Some held signs reading “God stands for life” and “Praying for Baby Munoz and family,” believing that doing whatever is necessary for the unborn child’s sake was imperative.
The opposite view was represented by those toting placards with messages like “Let Marlise rest in peace” and “Respect Marlise’s wishes.”
“Her family doesn’t want life support for her, and we don’t feel its right for the state or the hospital to force this on her,” a woman on that side of the debate, Autumn Brackeen, told CNN affiliate WFAA.
Another person who doesn’t believe the “life-sustaining measures” are warranted is Tom Mayo, a Southern Methodist University law professor who helped write the law being cited by the hospital.
“She’s not a patient anymore,” Mayo said, adding that the hospital was misinterpreting the statute. “So I don’t see how we can use a provision of the law that talks about treating or not treating a patient in a case where we really don’t have a patient.”

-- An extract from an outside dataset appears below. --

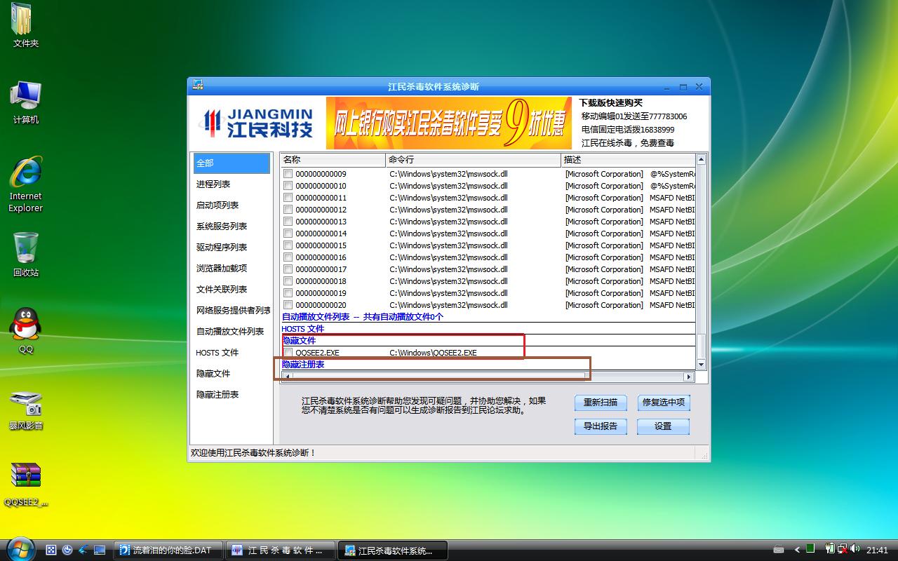 隐藏进程和文件 还有隐藏的注册表都无法看到!!!

For all the passions on both sides of the debate, others saw plenty of gray area — the kind of thing that might not be resolved until the baby is born and, perhaps, develops outside the womb.
“A lot depends, first of all, on how long the patient here was deprived of oxygen, or otherwise compromised,” said Dr. Jeffrey Ecker of Massachusetts General Hospital, who works on complicated pregnancies and prenatal diagnosis
“We can certainly use tools like ultrasound and MRI to sometimes see where there has been injury as a result of low blood pressure or low oxygen. But just seeing that things look well isn’t the same as saying that things will be well,” Ecker said.